その他に、千台だとこれこれだが、一万台まとまればいくらいくら、といったような、そういうのはあります。それに、引き渡しの期日ですね。
 彼らは、支払い方法と、ボリュームと、デリバリーの三つを組み合わせてやってくる。勘定高いというか、インセンシティブというか、資本主義に徹しているんです。
 これが日本人だと、そうはいかない。「あなたのお父さんと、私のオヤジは、よく知っていたんですよ」などということにでもなれば、「そうですか。それじゃ今度は、勉強させていただきましょう」と、すぐにこれでしょう。勉強なんて言葉、どうにも翻訳のしようがないじゃありませんか。

 ニューヨークから日本を見ていて、ゴチョウ氏の気にかかるのは、企業の“温情主義”だという。
 年の暮れを前にして、彼の会社で働いていた日本青年が、アメリカ人経営のディスカウント・デパートメントのセールスマンとして引き抜かれた。
 ところが、そのデパートの書き入れどきであるクリスマスが済んで、数日たった金曜日の朝、出勤して来た同僚の一人は、その週の分の小切手を受け取ったその場で、「もうこなくていい」とクビを言い渡された。
 それが皮切りで、金曜日のたびごとに、セールスマンがクビになって行く。それも、成績の上がらない順にである。
 十人いた仲間の六人目が消えた日、たまりかねた彼は、ゴチョウ氏のところへかけこんだ。順番からいって、次の金曜日に彼のクビの飛ぶことが、ほぼ確実になったからである。

 便所掃除でもいいから、といいましたけど、私は断りました。
 こちらでは、金曜日の夕方に「ハブ・ア・ナイス・ウイークエンド(いい週末を)」と挨拶するでしょう。そしたらボスは「シー・ユー・マンデー(月曜日にまた)」といいますね。これで、彼は来週も働けるという保証が得られたことになります。
 金曜日の朝、地下鉄に乗っているサラリーマンで、「今日出て行ったら、チェックを渡されてそれきりじゃないか」という不安を持っていないのは、一人もいないんじゃないですか。
 東京へ帰るたびに、スシ詰めの電車で思うんですが、スポーツ紙かなんか拡げていて、みんな天下泰平の顔をしている。逆に東京あたりでは、自分のクビを心配している人間は一人もいないんじゃないかと、そんな気がしますね。
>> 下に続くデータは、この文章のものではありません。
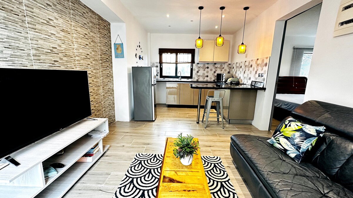 Gaudeix d'una experiència amb estil en aquest allotjament a Airbnb situat al centre. Aquest modern apartament de dues habitacions al cor de Quatre-Bornes ofereix comoditat i confort, amb dos banys (un privat), una cuina totalment equipada i una acollidora sala d'estar. A l'exterior, trobaràs el basar, el supermercat, l'estació de metro, la farmàcia i restaurants fantàstics a poca distància a peu, perfectes tant per a estades d'oci com de negocis.
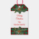 Un tag cadeau personnalisé lisant avec texte de script modifiable pour votre message, et police rétro pour votre nom, et sprigs de saint sur un motif plaid rouge et vert vacances.

 ゴチョウ氏に会ったころはそれほどでもなかったが、このところ日本も不況で、倒産は少なからざる人々にとって、他人事ではなくなって来ている。
 経営難の企業では、希望退職者をつのったり、一時帰休を言い渡したりで、急場をしのごうとしているが、倒産のぎりぎりまで、解雇はしたがらない。
 だが、アメリカでは、業績が悪化したら首切りというのが常識であり、そのためにサラリーマンは、ふだんから貯蓄をしている。
 業績がよかろうが、わるかろうが、季節がくれば毎年賃上げなどという結構な会社は、それこそただの一社もない。